As more of the fog poured from the trunk, the shape became more solid, growing in nightmarish proportions. Its narrow, elongated head was covered with matted, tangled hair, like a corpse pulled from the water. Red pinpoints of light glared where eyes should have been, and its jaw hinged like a snake, revealing sharp, serrated teeth.
Cady headed down the steps without being told twice. “Come on!” she urged. Nicki was backing toward the stairs, trying not to fall over the mess Jasinski had left behind, but the specter was growing fast, keeping its blood-red eyes fixed on its prey.
She was almost to the doorway when the revenant struck. Moving fast as a storm wind, the black-mist figure reached for Nicki with clawed hands that looked solid enough to grasp and tear. Nicki squealed and reached into her pouch, pulling out the oculus and thrusting it forward.

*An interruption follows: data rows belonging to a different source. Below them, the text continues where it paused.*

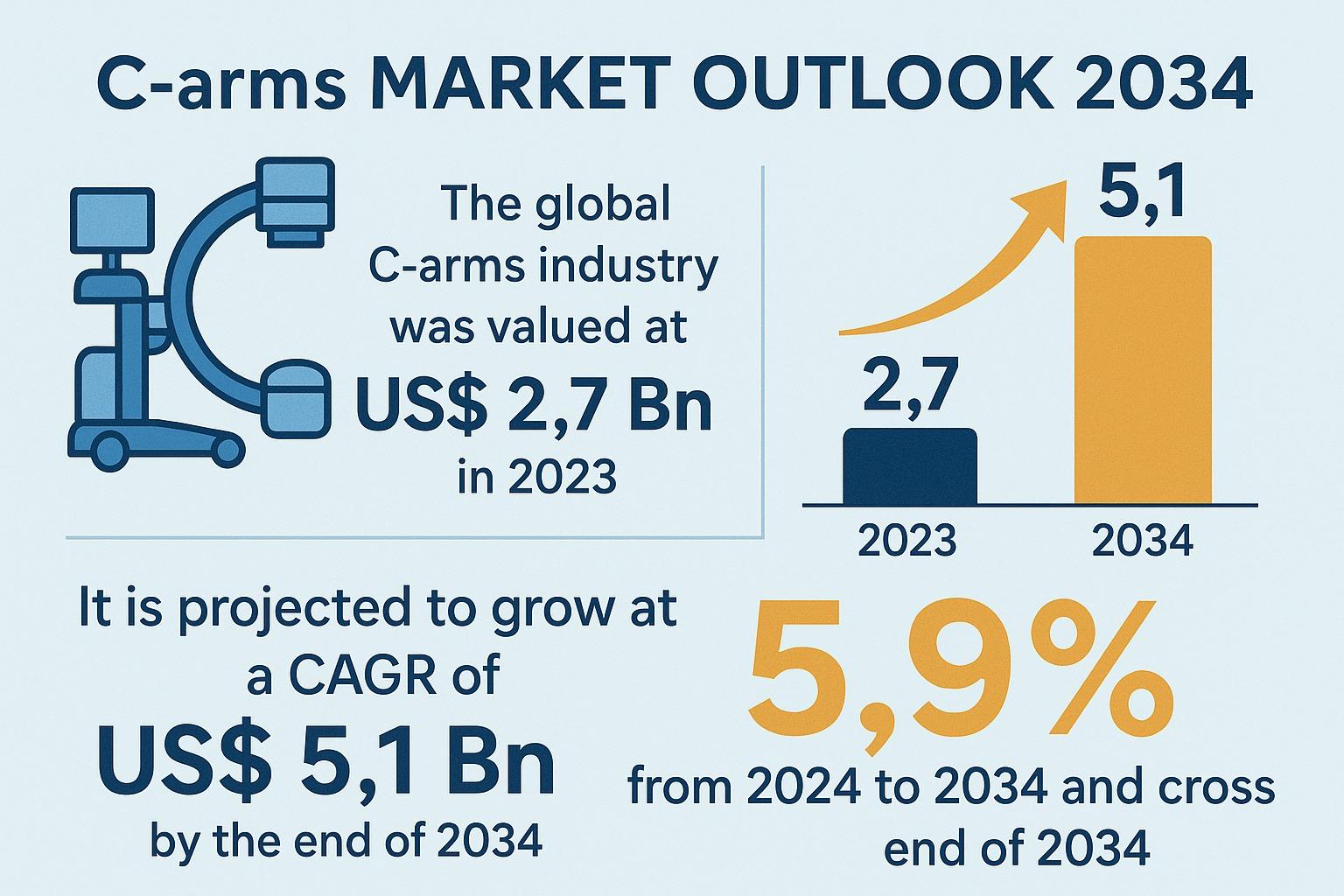 The global C-arms market is entering a decade of notable expansion, underpinned by rapid technological advancements, rising surgical volumes, and the growing prevalence of chronic diseases. Valued at US$ 2.7 Bn in 2023, the market is projected to grow steadily at a CAGR of 5.9% from 2024 to 2034, ultimately surpassing US$ 5.1 Bn by 2034. As healthcare systems worldwide invest heavily in modernization and advanced imaging solutions, C-arm devices have become indispensable tools across multiple clinical disciplines—from orthopedics and cardiology to neurosurgery and gastroenterology.
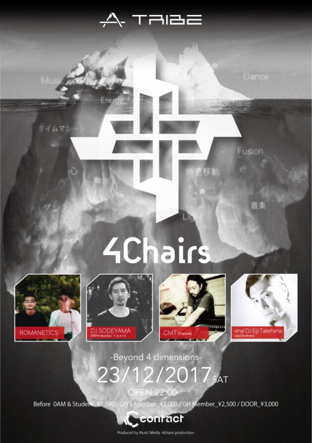 4組のアーティストがStudio・Contact両方でプレイをし夜を堪能できる新パーティ”Tribe -4Chairs-”
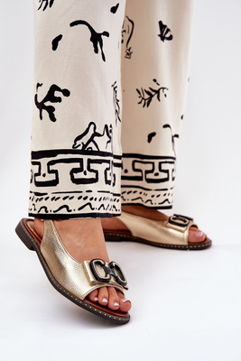 Plokšti Sandalai Su Dekoru Eko Oda Auksinė Lilria
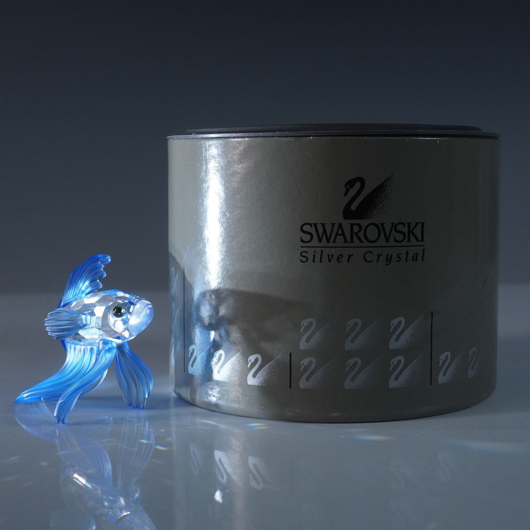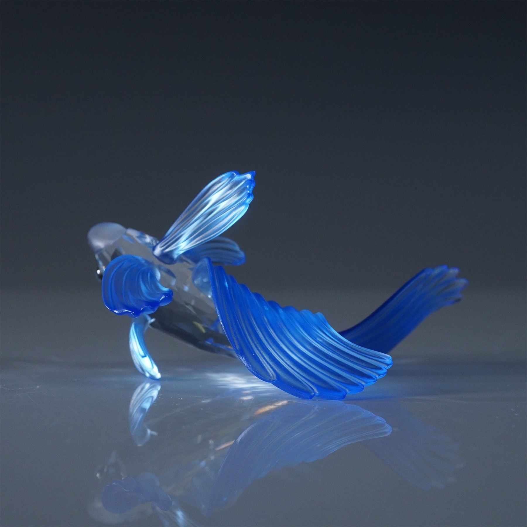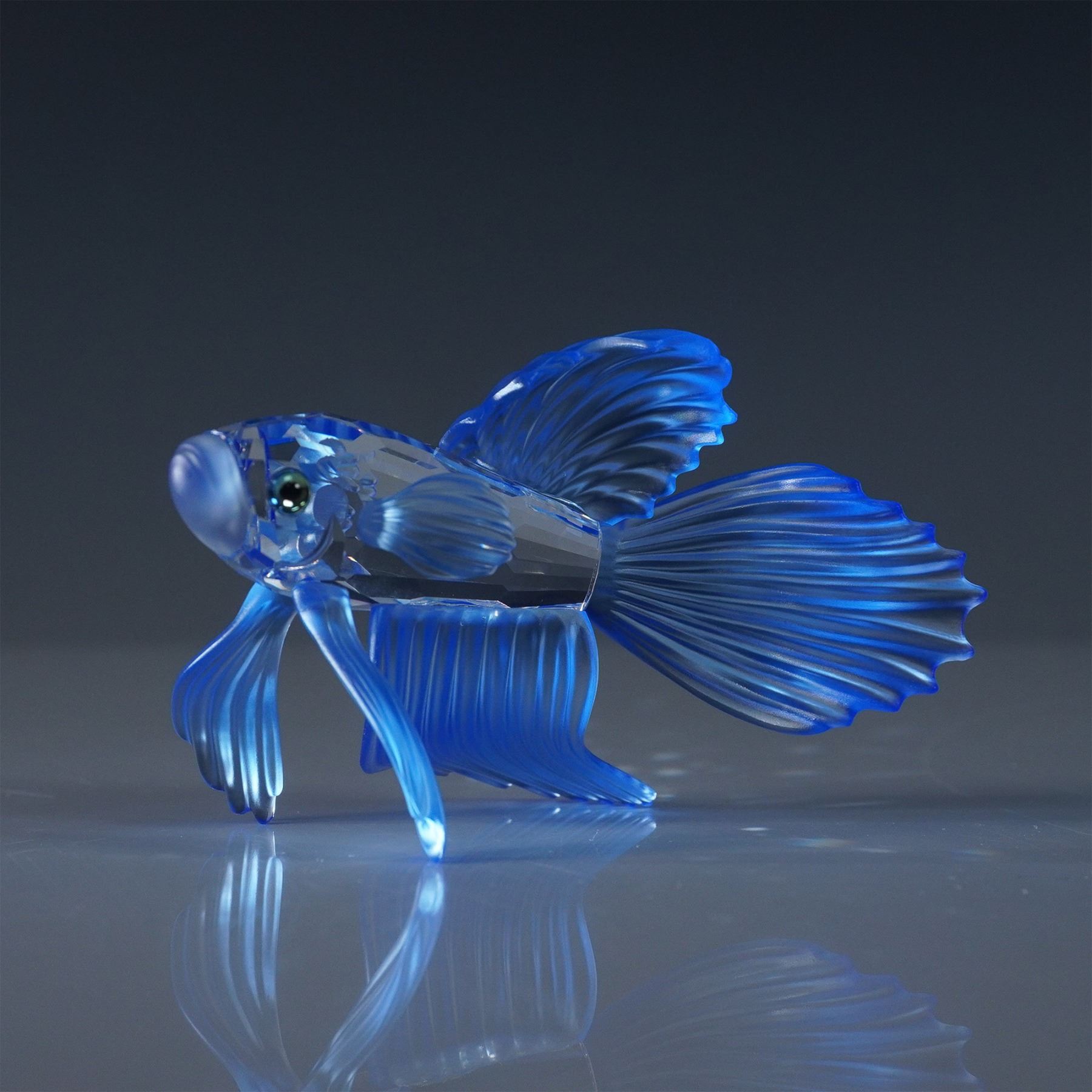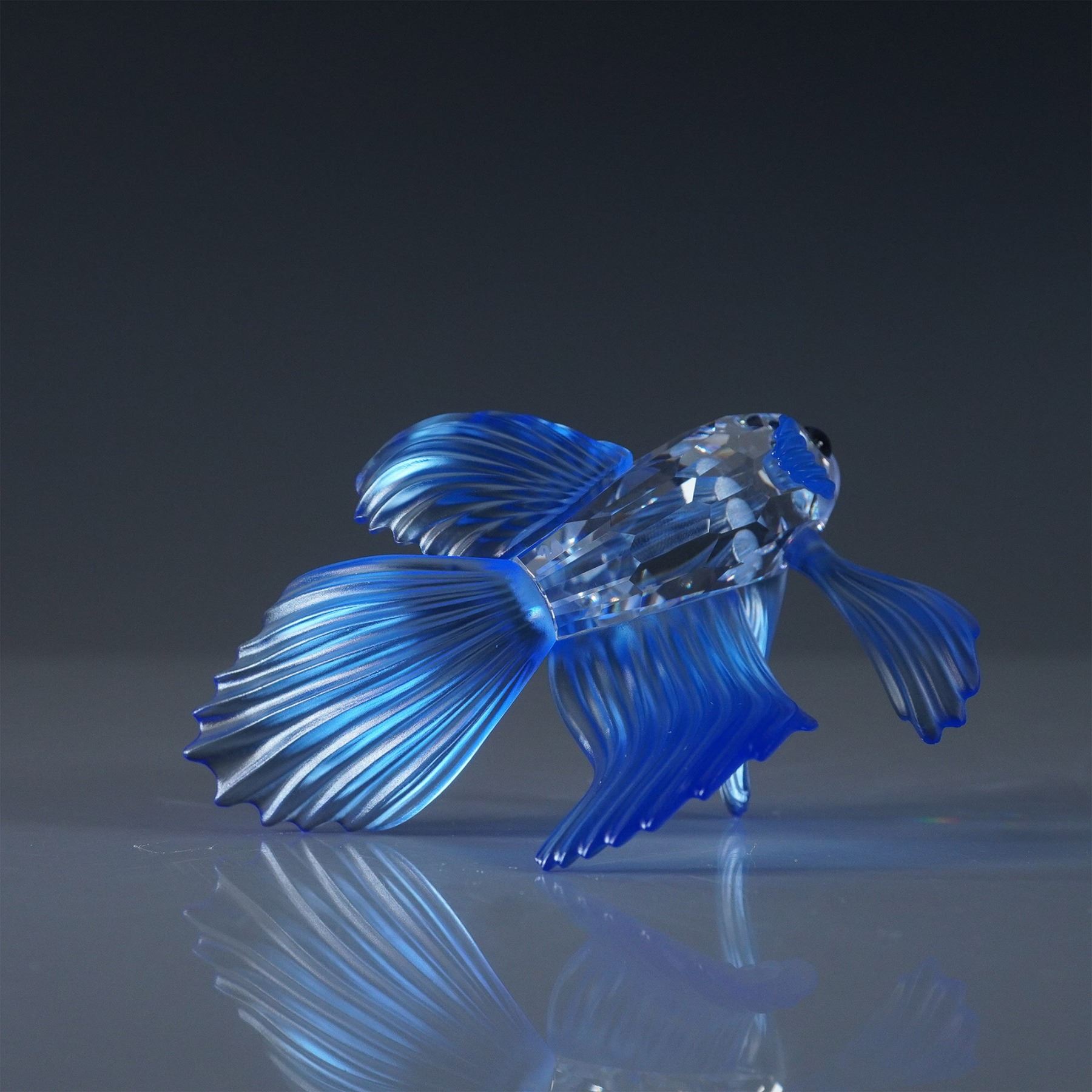 A stunning Swarovski Crystal Siamese Fighting Fish Blue figurine, featuring a faceted clear crystal body with vibrant blue frosted crystal fins and tail. This exquisite piece showcases Swarovski's craftsmanship, capturing the elegance and fluidity of this majestic fish. The figurine is marked with the Swarovski logo and comes in its original packaging.
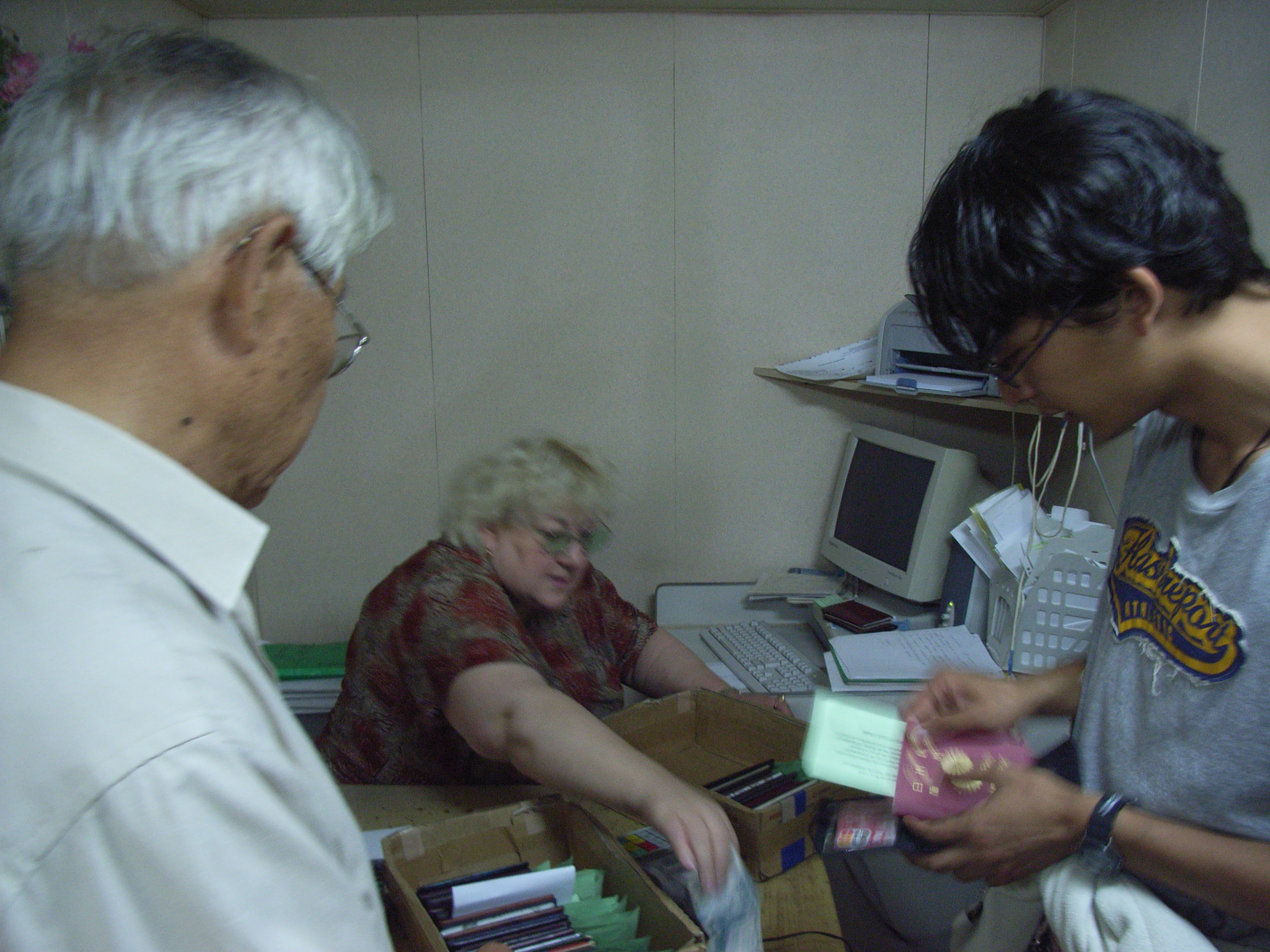 食堂を離れた私たちは、シーツ代90ルーブルを支払って、パスポートを返してもらうことにした。その窓口は、朝食券を買った部屋だ。意思が通じるか不安だったが、「パスポルトゥ」と言ったら日本人のパスポートをあるだけさっと用意してくれた。またもや、この女性の手際の良さに助けられた。少々無愛想なところはあったが、私たちが快適な船内生活を送れたのは、この女性とのコミュニケーションが言葉要らずだったことが大きいだろう。手際よい扱いから察するに、この船には、ロシア語を話せない外国人も、それなりに乗ってきているのだと思う。
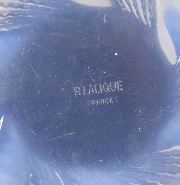 A René Lalique 'Fleurons No.2' opalescent glass plate moulded to the underside with spiralling bands, signed Lalique, Francediameter 27.9 cm., Condition: Fair condition, some light wear and surface wear

Blinding green light flared from the orb, lighting up the room like the headlight of a locomotive. The ghostly shape pulled back, giving Nicki the chance she needed to bolt down the stairs.
Cady was just a few steps down from her. “Nicki, what’s going on—”
“Run!” Nicki shouted, clamoring down the steps with her skirts gathered in one hand, and her bag clutched in the other. She could feel freezing cold air stirring behind her, and the tomb-rot stench of the revenant was enough to make her gorge rise.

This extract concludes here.